A multi-centre, randomized, controlled trial on coaching and telemonitoring in patients with cystic fibrosis: conneCT CF

Affiliations
Randomized Controlled Trial

A multi-centre, randomized, controlled trial on coaching and telemonitoring in patients with cystic fibrosis: conneCT CF

Stephanie Thee et al. BMC Pulm Med. .

Abstract

Background: The extend of lung disease remains the most important prognostic factor for survival in patients with cystic fibrosis (CF), and lack of adherence is the main reason for treatment failure. Early detection of deterioration in lung function and optimising adherence are therefore crucial in CF care. We implement a randomized controlled trial to evaluate efficacy of telemonitoring of adherence, lung function, and health condition in combination with behavior change interventions using innovative digital technologies.

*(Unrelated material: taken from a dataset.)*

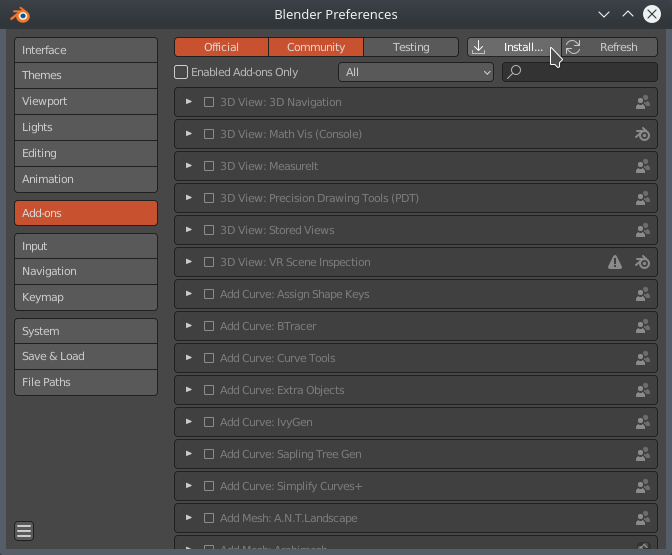 After downloading the add-on, you need to install it. The installation takes place directly in Blender. The installation controls may be located differently in different versions of Blender.
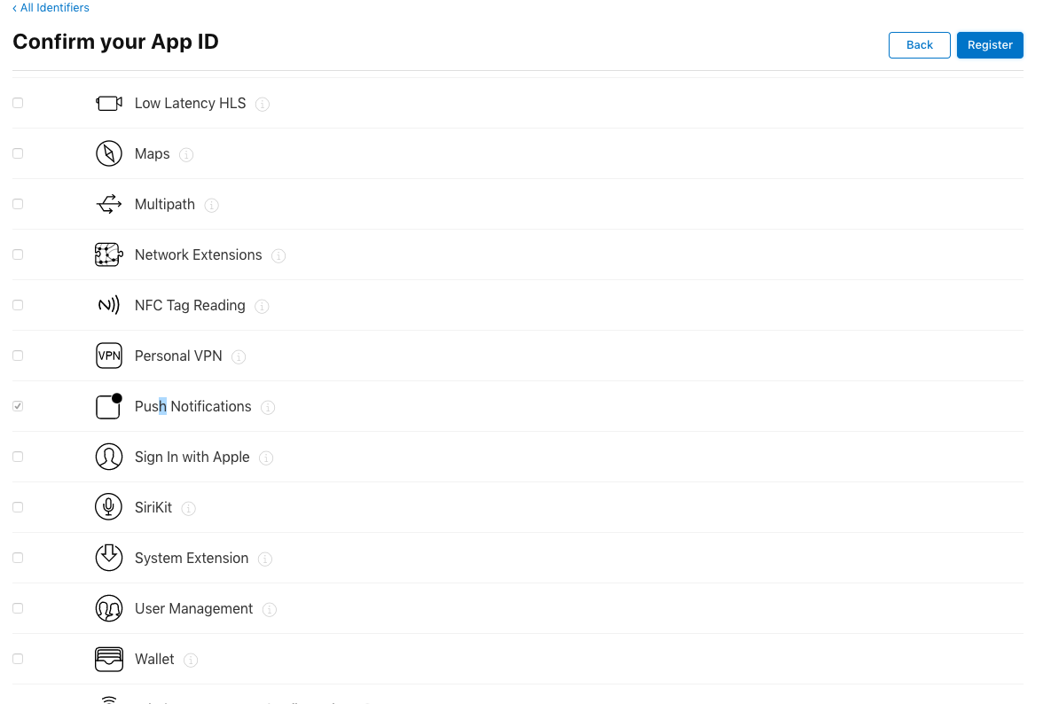 Tạo ID ứng dụng của bạn, kích hoạt push notification và file p12 cho ứng dụng mới của bạn.

Methods: This is a multi-centre, randomized, controlled, non-blinded trial aiming to include 402 patients ≥ 12 years-of-age with CF. A standard-of-care arm is compared to an arm receiving objective, continuous monitoring of adherence to inhalation therapies, weekly home spirometry using electronic devices with data transmission to patients and caring physicians combined with video-conferencing, a self-management app and professional telephone coaching. The duration of the intervention phase is 18 months. The primary endpoint is time to the first protocol-defined pulmonary exacerbation. Secondary outcome measures include number of and time between pulmonary exacerbations, adherence to inhalation therapy, changes in forced expiratory volume in 1 s from baseline, number of hospital admissions, and changes in health-related quality of life. CF-associated medical treatment and care, and health care related costs will be assessed by explorative analysis in both arms.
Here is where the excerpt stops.